L'Irlande, plus mêlée que la Grande-Bretagne; aujourd'hui étonnante uniformité de caractère moral et physique; deux classes seulement, les bien nourris, les mal nourris. Chez les paysans, cheveux bruns ou noirs, noirs surtout dans une partie du sud, mais l'œil toujours gris ou bleu[151], sourcils bas, épais et noirs, face longue, nez petit, tendant à relever; grande taille généralement, tous hommes bien faits; ceci est moins vrai depuis quarante ans, par suite de la misère dans plusieurs parties, surtout au sud. Bouche ouverte, ce qui leur donne un air stupide; extraordinaire facilité du langage, qui contraste avec leurs haillons. Tout mendiant est un bel esprit, un orateur, un philosophe. Espagnols au sud de l'Irlande depuis Élisabeth. Allemands palatins des bords du Rhin.

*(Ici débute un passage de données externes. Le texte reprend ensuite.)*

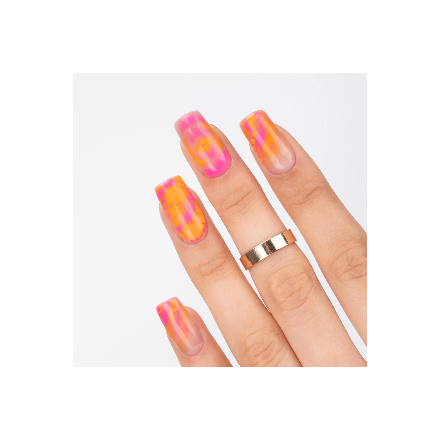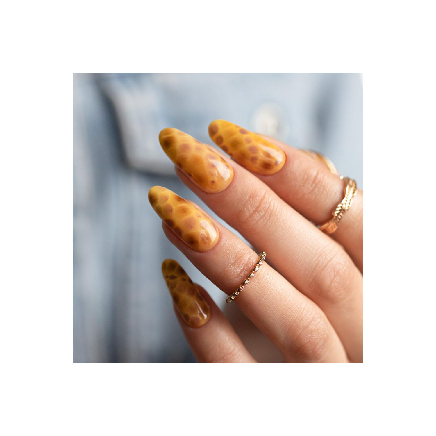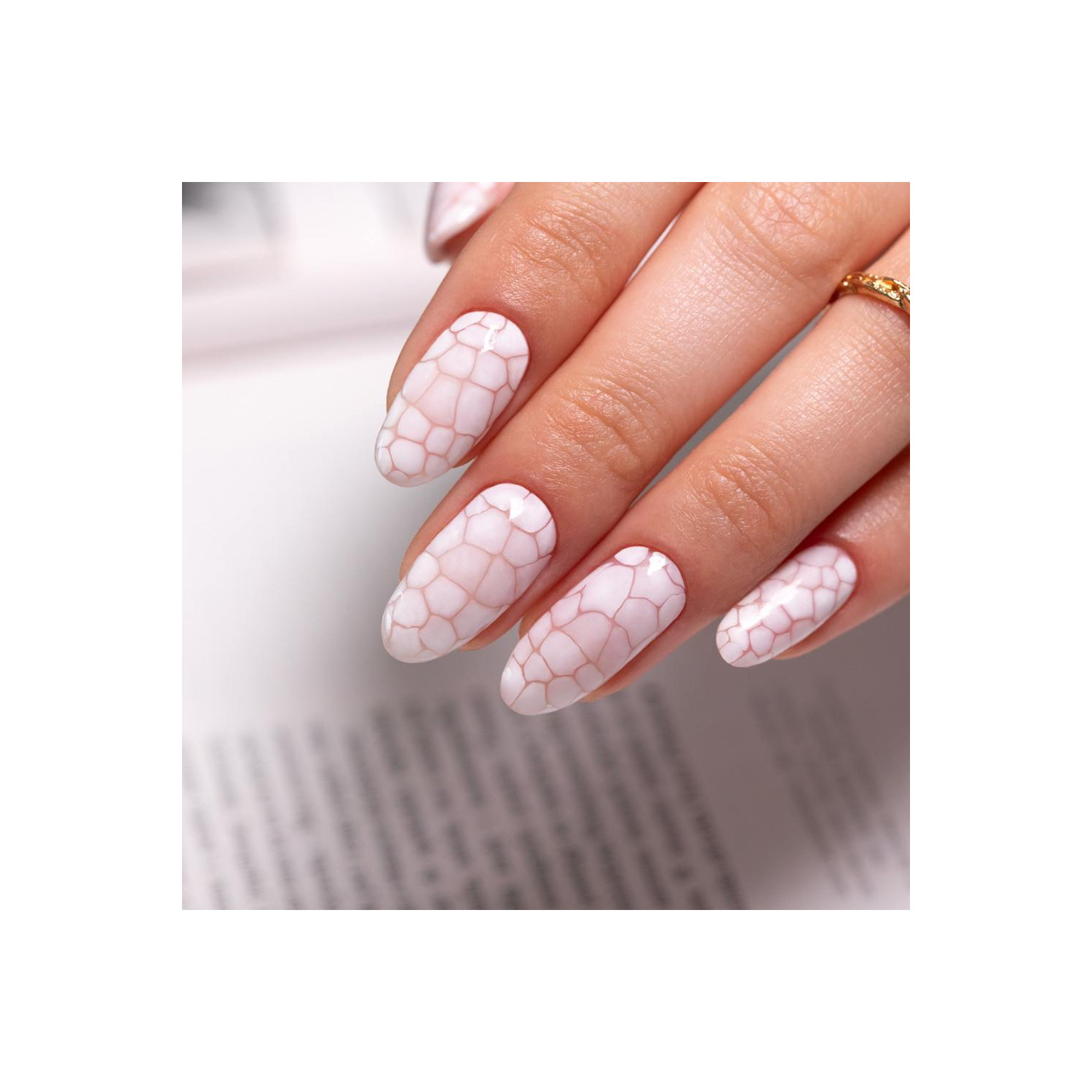 - Auf dem noch nicht ausgehärteten Gel mit UV-Lack gewünschte Muster (z. B. Rosen, Animal Print, Marmor) gestalten.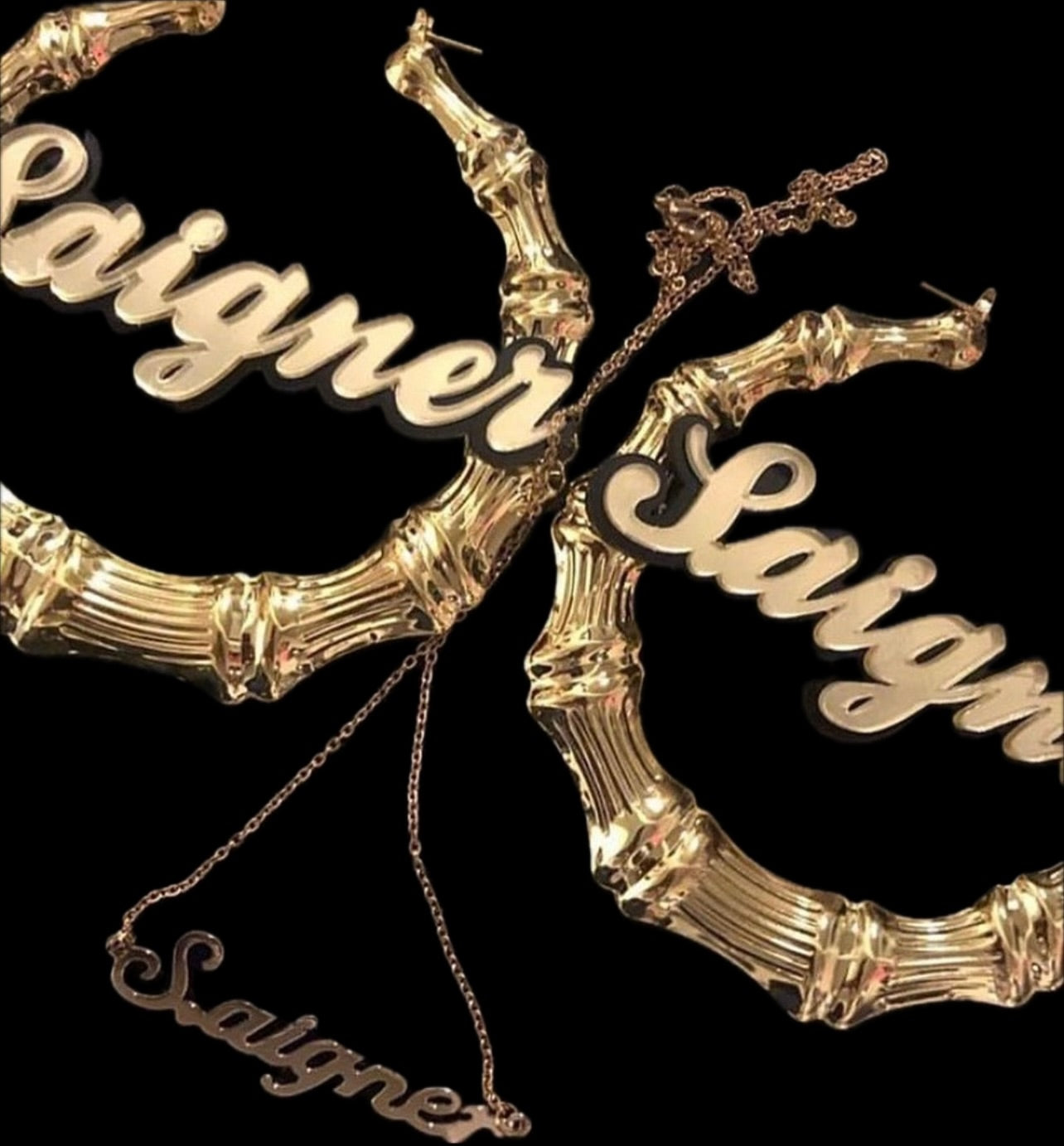 This custom set includes a pair of bamboo earrings and necklaces. Please email us with the desired name for your earrings and necklace. This set is non-tarnish and nickel-free, and the estimated shipping time is 3-4 weeks.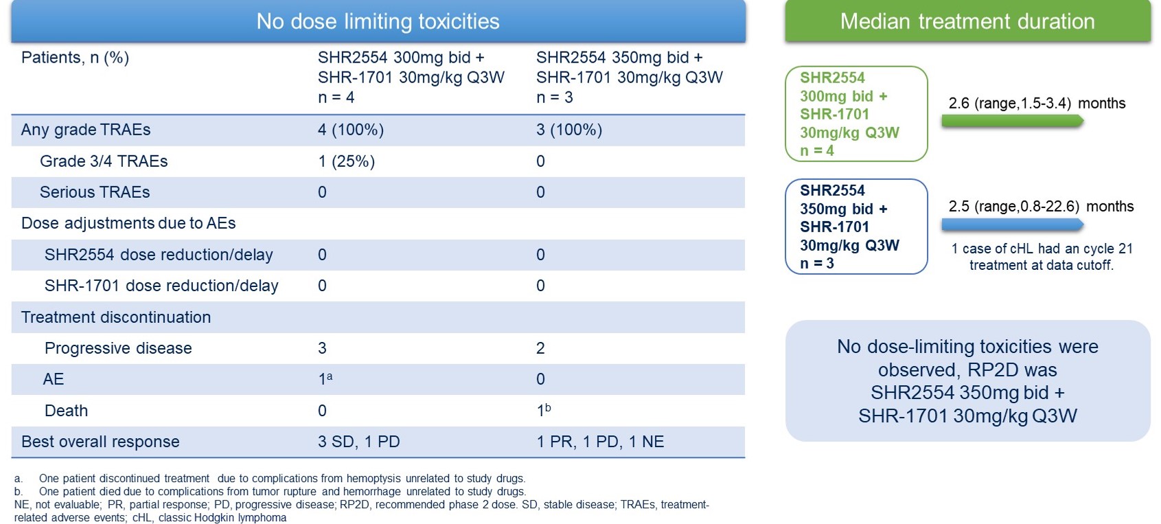 剂量递增期评估了SHR2554(300~350mg bid)的递增剂量加固定剂量SHR-1701(30mg/kg q3w)。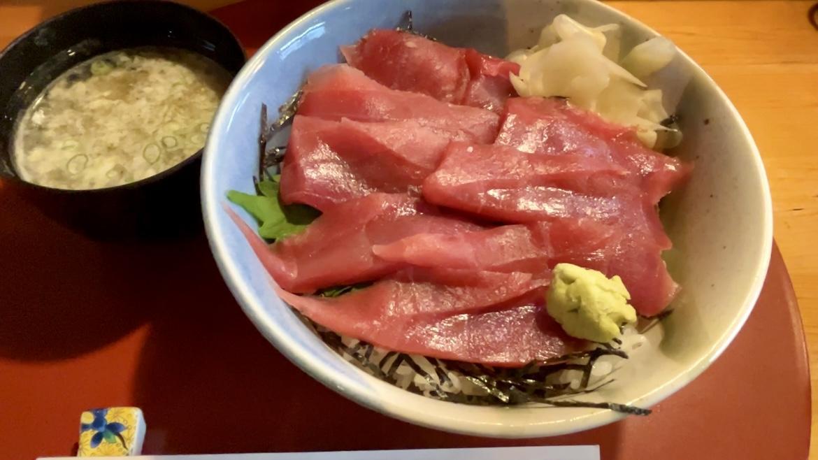 町中には大間のマグロを味わえる飲食店も多く、漁港に近い「浜寿司」にて、マグロ丼をいただくことに。「大間まぐろ」の赤身が酢飯の上を埋め尽くさんばかりの量で、柔らかくみずみずしく実に芳醇な味わい。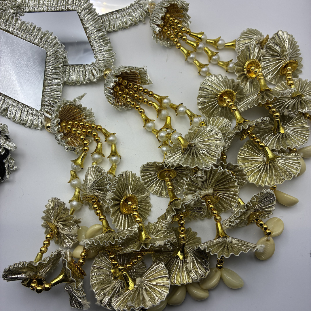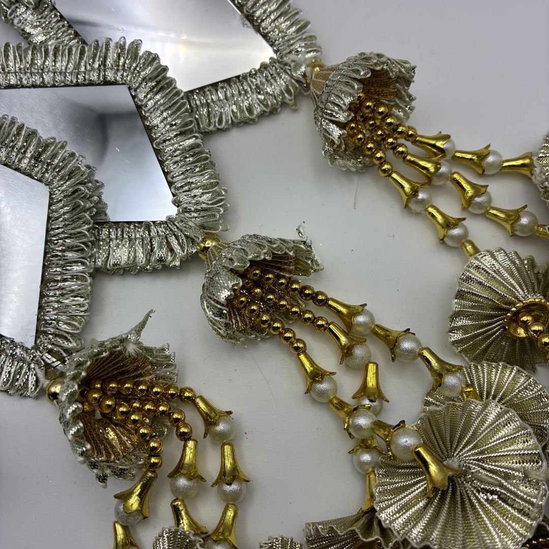 £13.99 Add to cartSilver Coloured Paranda with Square Mirrors, Gold Coloured Beading and Kaudi Cowrie Shells

En France, visage rond; en Angleterre, ovale; en Allemagne, carré. Les yeux plus proéminents sur le continent qu'en Angleterre.—Ni en Normandie ni en Bourgogne il n'y a trace des hommes du Nord (excepté vers Bayeux et Vire).

Savoyards, petits, actifs; mâchoire très-carrée, œil gris, cheveux noirs, sourcils bas, épais.

Suisses, même mâchoire, hommes plus grands, œil bleu-ciel, avec un éclat qui ne plaît pas toujours, cheveux bruns.

(p. 173) Allemands, yeux gris, cheveux bruns ou blond pâle, mâchoire angulaire, nez rarement aquilin, mais bas à la racine; grande étendue entre les yeux, encore plus qu'en France.

Belges, œil d'un parfait bleu de Prusse, plus foncé autour de l'iris, visage plus long qu'en Allemagne.

Je croirais volontiers (ce que ne dit pas l'auteur) que, par l'action du temps et de la civilisation, les cheveux ont pu brunir, les yeux noircir, c'est-à-dire prendre le caractère d'une vie plus intense.